# ETL Project

## State Level Household Debt Statistics 2003-2018

Source: https://www.newyorkfed.org/medialibrary/interactives/householdcredit/data/xls/area_report_by_year.xlsx

This data source provides composition of household debt per state per year in the United States. Idea is to extract, transform, and load this data to determine if there is correlation between amount of debt per household and complains reported to the *Consumer Financial Protection Bureau (CFBP)* within the same state and the same period of time. 

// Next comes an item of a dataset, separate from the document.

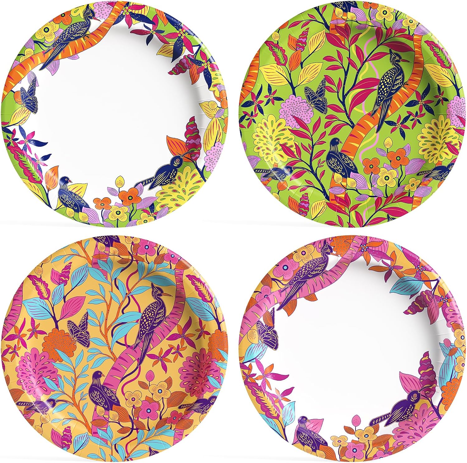 - Elegant Design: This set of disposable paper plates features 4 unique patterns, each showcasing delicate birds and blooming flowers. The sophisticated vintage art adds a touch of classic charm and elegance to any gathering
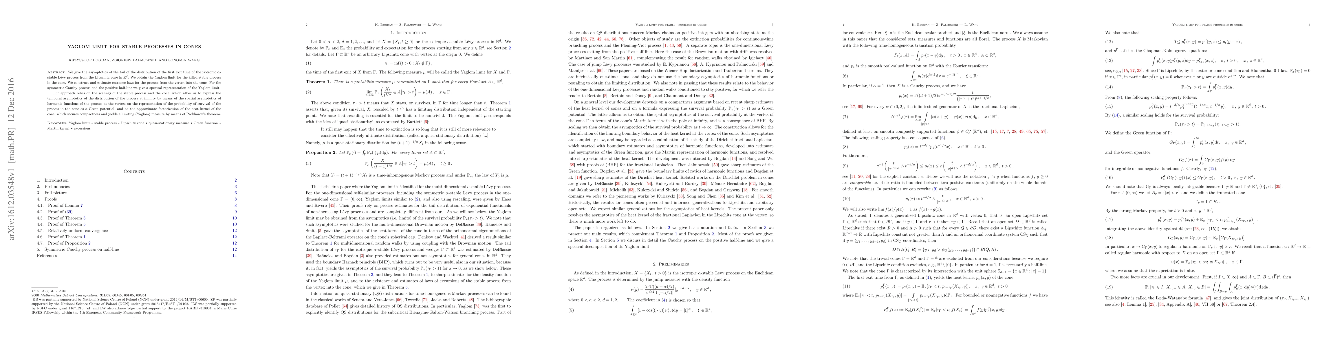 This paper derives the asymptotics of the first exit time distribution for an isotropic alpha-stable Lévy process from a Lipschitz cone in R^d, providing the Yaglom limit for the killed stable process within the cone. It constructs and estimates entrance laws for the process from the cone's vertex, offering a spectral representation for the symmetric Cauchy process and positive half-line. The methodology involves scalings of the stable process and cone, Green potential representation, and approximate factorization of the heat kernel.

First, let's get the resource into a local file within the `Resources` folder.

In [1]:
import pandas as pd
import urllib.request

url = 'https://www.newyorkfed.org/medialibrary/interactives/householdcredit/data/xls/area_report_by_year.xlsx'
filename = 'Resources/area_report_by_year.xlsx'
urllib.request.urlretrieve(url, filename)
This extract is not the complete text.